GOAL OF THE EXERCISE → Begin at the top of the records below and return each line exactly through the line with "水中カメラにより海の中を見な". Skip pictures.

Stored entries →
-- -- --

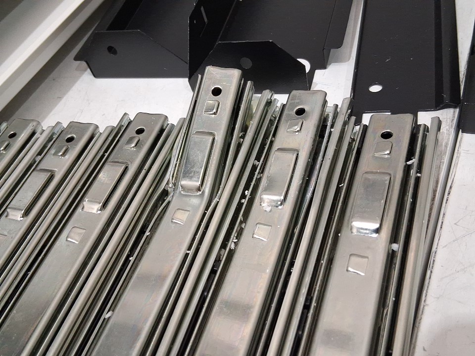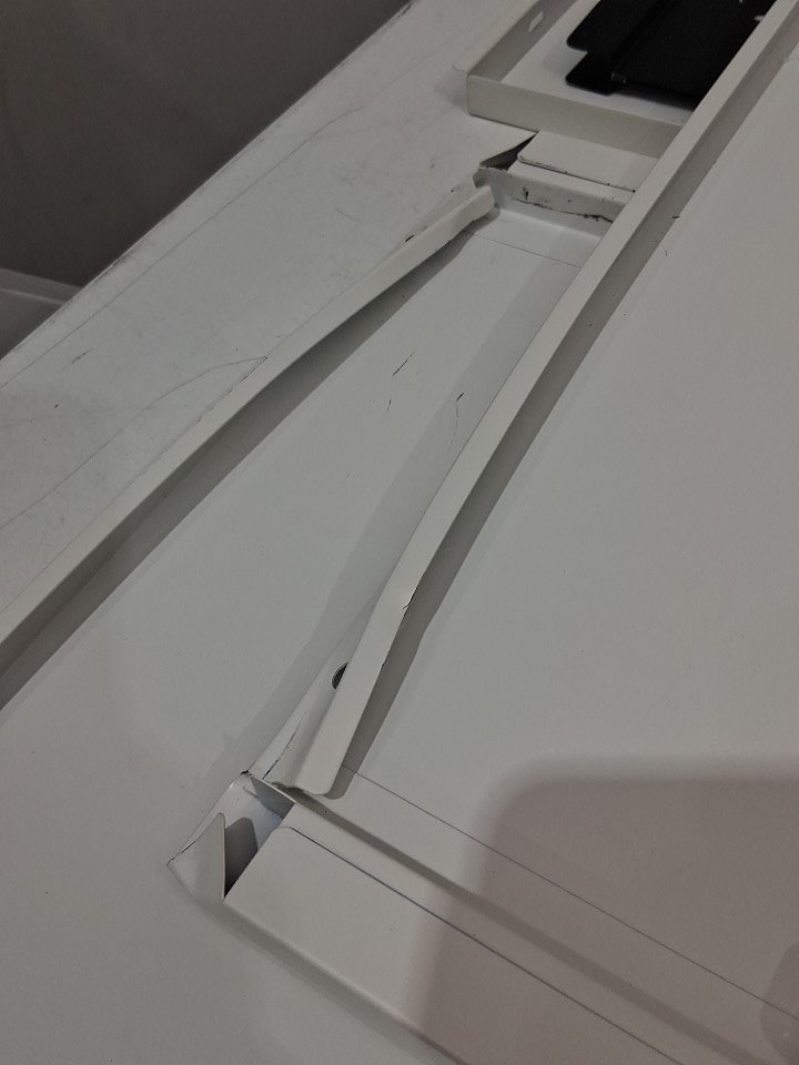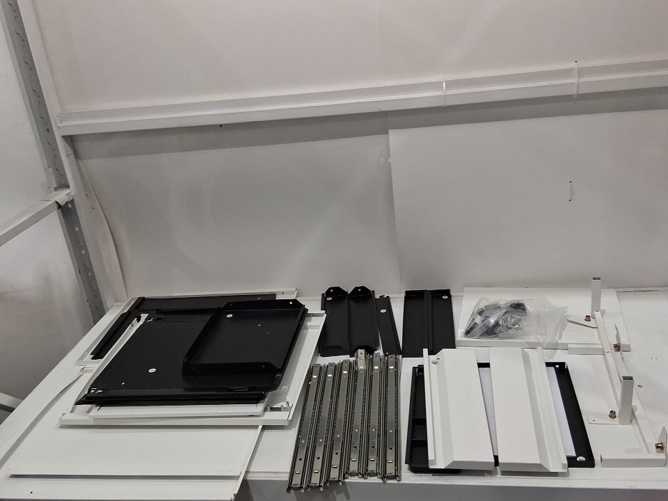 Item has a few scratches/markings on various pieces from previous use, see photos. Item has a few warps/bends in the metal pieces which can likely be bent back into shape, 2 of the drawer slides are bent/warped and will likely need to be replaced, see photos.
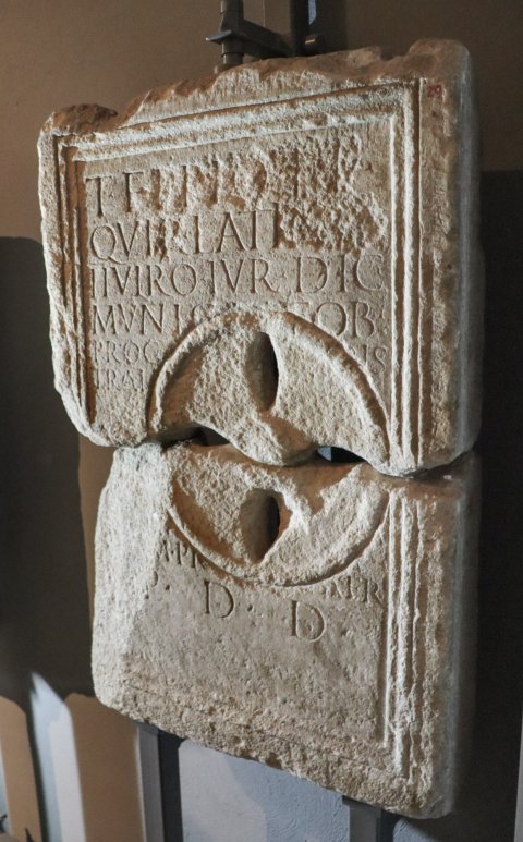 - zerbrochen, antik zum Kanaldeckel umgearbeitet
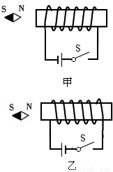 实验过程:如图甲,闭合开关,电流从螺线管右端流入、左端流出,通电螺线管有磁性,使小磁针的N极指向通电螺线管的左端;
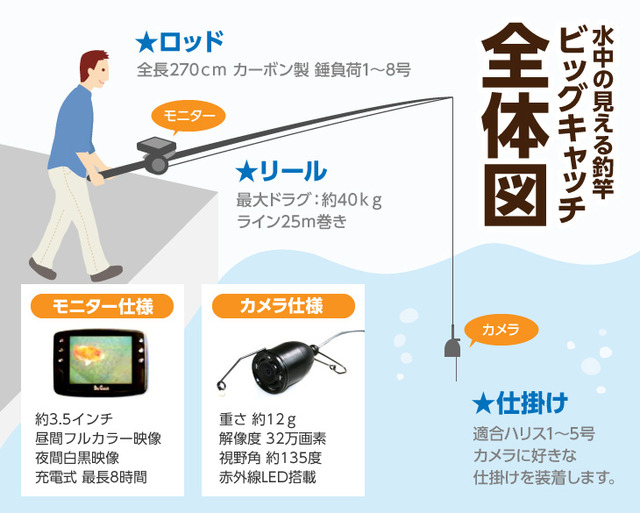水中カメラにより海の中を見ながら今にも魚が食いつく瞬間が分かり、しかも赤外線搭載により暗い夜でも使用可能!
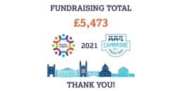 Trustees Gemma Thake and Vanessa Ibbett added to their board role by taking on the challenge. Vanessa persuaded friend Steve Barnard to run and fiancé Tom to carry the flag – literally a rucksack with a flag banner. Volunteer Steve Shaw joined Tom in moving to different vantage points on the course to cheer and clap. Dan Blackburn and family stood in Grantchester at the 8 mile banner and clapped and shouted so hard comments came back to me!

-- -- --

OUTPUT OF THE TASK →
 Item has a few scratches/markings on various pieces from previous use, see photos. Item has a few warps/bends in the metal pieces which can likely be bent back into shape, 2 of the drawer slides are bent/warped and will likely need to be replaced, see photos.
 - zerbrochen, antik zum Kanaldeckel umgearbeitet
 实验过程:如图甲,闭合开关,电流从螺线管右端流入、左端流出,通电螺线管有磁性,使小磁针的N极指向通电螺线管的左端;
水中カメラにより海の中を見ながら今にも魚が食いつく瞬間が分かり、しかも赤外線搭載により暗い夜でも使用可能!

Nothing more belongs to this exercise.